Assign each lead or customer to the rep that will handle them best — using AWS Aurora Postgres

You’ll need a Faraday account to use this template. It’s free to sign up and you can use sample data to start.

AWS Aurora Postgres logoIf you're a Faraday user who relies on AWS Aurora Postgres, integrating Rep assignment predictions could make your job a whole lot smoother. By using this type of prediction, you can automatically assign leads and customers to the reps who are most likely to engage them effectively. This means your database not only stores your customer data but also becomes a smart tool for optimizing your team's efforts. It’s a practical step to streamline your operations, help your reps connect better with prospects, and ultimately enhance your customer relationships. It’s a handy feature that fits right into your Aurora setup without making things complicated.
  1. Step 1

    Connect your data sources

    Use the link below to connect AWS Aurora Postgres to Faraday.
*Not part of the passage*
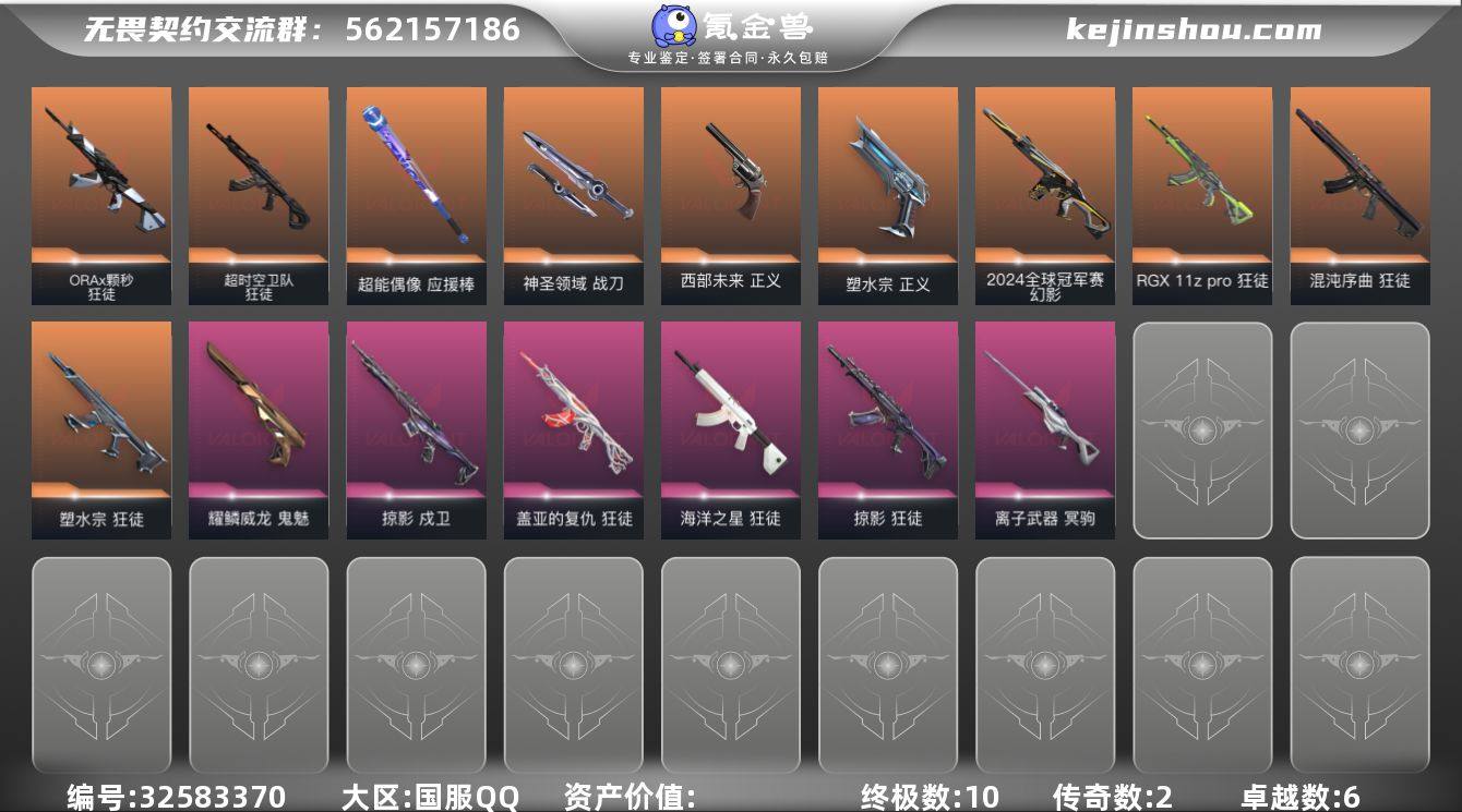 【Hww649】国服Q区 可二次 皮肤价值28010【橙皮2金皮10紫皮6皮肤50英雄28卡面107已用源晶1005】未定级 优质皮肤:影钩,2024全球冠军赛,正义-塑水宗 【英雄】:幻棱,炼狱,维斯,暮蝶,钛狐,壹决,铁臂,捷风,雷兹,幽影,不死鸟,贤者,猎枭,蝰蛇,零,芮娜,奇乐,尚勃勒,霓虹,斯凯,夜露,星礈,K/O,海神,盖可,黑梦,钢锁 【近战武器】:近战武器-影钩,近战武器-超能偶像 应援棒,近战武器-盖亚之愠,近战武器-神圣领域 战刀 【狂徒】:狂徒-混沌序曲,狂徒-塑水宗,狂徒-RGX 11z Pro,狂徒-ORA x 颗秒,狂徒-超时空卫队,狂徒-掠影,狂徒-盖亚的复仇,狂徒-海洋之星,狂徒-超能偶像 【幻影】:幻影-2024全球冠军赛,幻影-神圣领域,幻影-聚合之力 【戍卫】:戍卫-掠影,戍卫-超能偶像,戍卫-月球哨兵 【獠犬】:獠犬-神圣领域,獠犬-采蜜小蜂队 【冥驹】:冥驹-离子武器,冥驹-星云暗涌 【飞将】:飞将-聚合之力 【莽侠】:莽侠-月球哨兵 【战神】:战神-神圣领域,战神-采蜜小蜂队 【判官】:判官-超能偶像,判官-采蜜小蜂队 【雄鹿】:雄鹿-月球哨兵 【骇灵】:骇灵-星云暗涌 【蜂刺】:蜂刺-聚合之力,蜂刺-星云暗涌 【标配】:标配-超能偶像 【正义】:正...
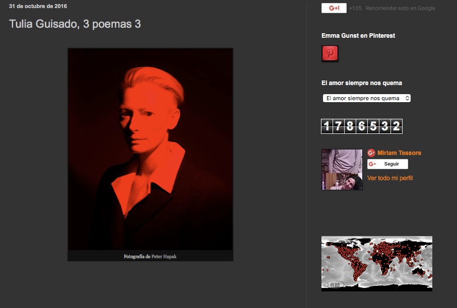 30 diciembre, 2016 Reseña en el blog Emma Gunst El blog Emma Gunst publicó tres poemas de Tulia el pasado 31 de octubre. Podéis ver la entrada en este enlace. Compártelo: Haz clic para compartir en X (Se abre en una ventana nueva) X Haz clic para compartir en Facebook (Se abre en una ventana nueva) Facebook Me gusta Cargando... Relacionado

You can also skip this step and use CSV files to get started instead.
  2. Step 2

    Ingest your data into event streams

    This allows Faraday to understand what your data means. These links will guide you through ingesting the data necessary to power this template.
  3. Step 3

    Organize your customer data

    You'll create groups, called cohorts, that are the essential building blocks of Faraday and allow you to easily predict any customer behavior.
  4. Step 4

    Declare your prediction objectives

    With your cohorts defined, it's easy to instruct Faraday to predict the necessary behaviors. Follow the docs with the link below.
  5. Step 5

    Define your rep assignment pipeline and deploy to AWS Aurora Postgres

    Finally, deploy your prediction with the link below.
  6. Step 6

    Deploy to AWS Aurora Postgres

    Create a deployment target using the AWS Aurora Postgres connection you created above. Or, get started by simply deploying to CSV.